For all her grumbling, Williams has enjoyed the group training. “It’s the best thing for ensemble building, obviously. We’re starting to really click. It’s awesome. I’ve always worked out. Everyone says they feel like they’ve toned up. I think everyone’s doing really well.”
Anthony Cataldo, an acting major at UNCG, plays Lance Corporal Harold Dawson. He says he just didn’t want to come home and work all summer, so he took on this role. He was a Lee Street intern his senior year at Carson High School.
“He’s working us hard,” Cataldo says, “but it’s all a good time with good people. It’s not as gruesome as I thought it would be.”
Jon Planovsky, who plays Lt.

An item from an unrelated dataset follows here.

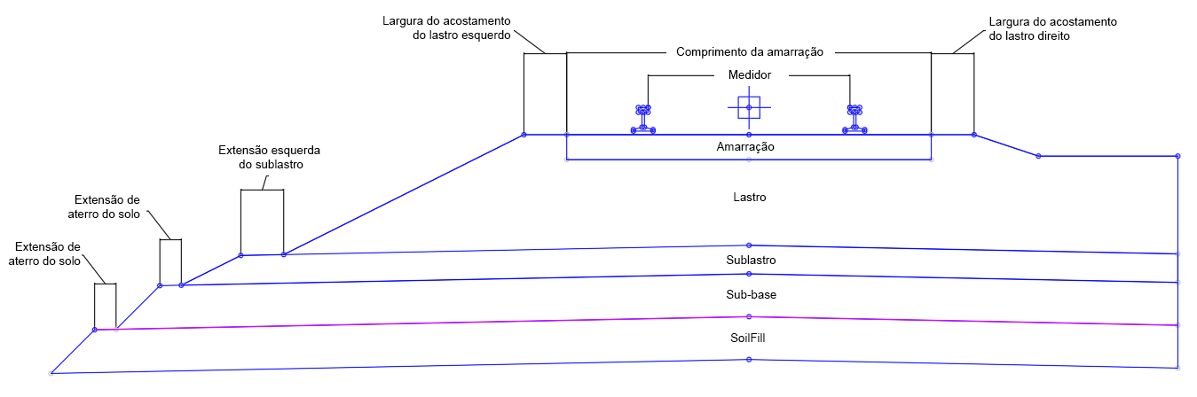 | Extensão da sub-base | Distância da ponta do material de sublastro ao início da inclinação lateral do material de sub-base | Numérico, não negativo |
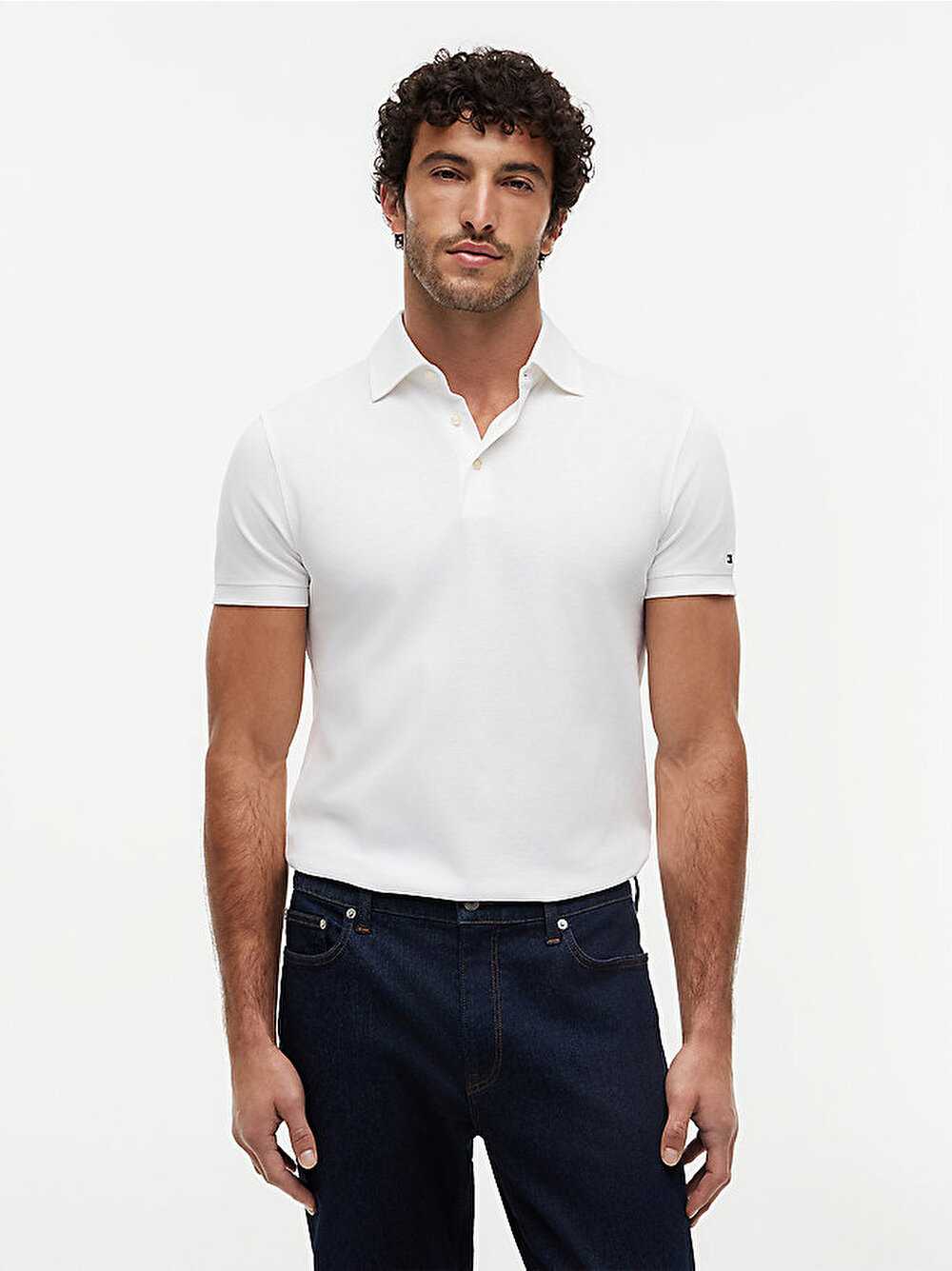 Yumuşak malzemeleri nötr renkler, kolay kapamalar ve net çizgilerle birleştiren Smart Casual koleksiyonu, profesyonel günler ve resmi olmayan geceler için özel olarak tasarlandı.Bu slim fit polo gömleğin geniş yakası rahat bir görünüm sağlarken, saf merserize pamuklu pike kumaş uzun ömürlü kullanım sağlar.

Jonathan Kendrick, has actually gained three pounds of muscle. “You use muscles that you don’t use every day,” says Planovsky, a local landscaper and co-owner of Critters. “It’s kinda satisfying to know we can keep up with the younger cast members.”
Other cast members include Joe Campola, Tim Hager, William Osborne, Chuck Riordan, Jessica Walker and Ed Whitney.
Tickets for “A Few Good Men” go on sale July 1 at Lee Street Theatre. Performances are at 7:30 p.m. July 16-18 and 23-25. For more information, call 704-310-5507 or visit www.leestreet.org.
Freelance writer Susan Shinn lives in Salisbury.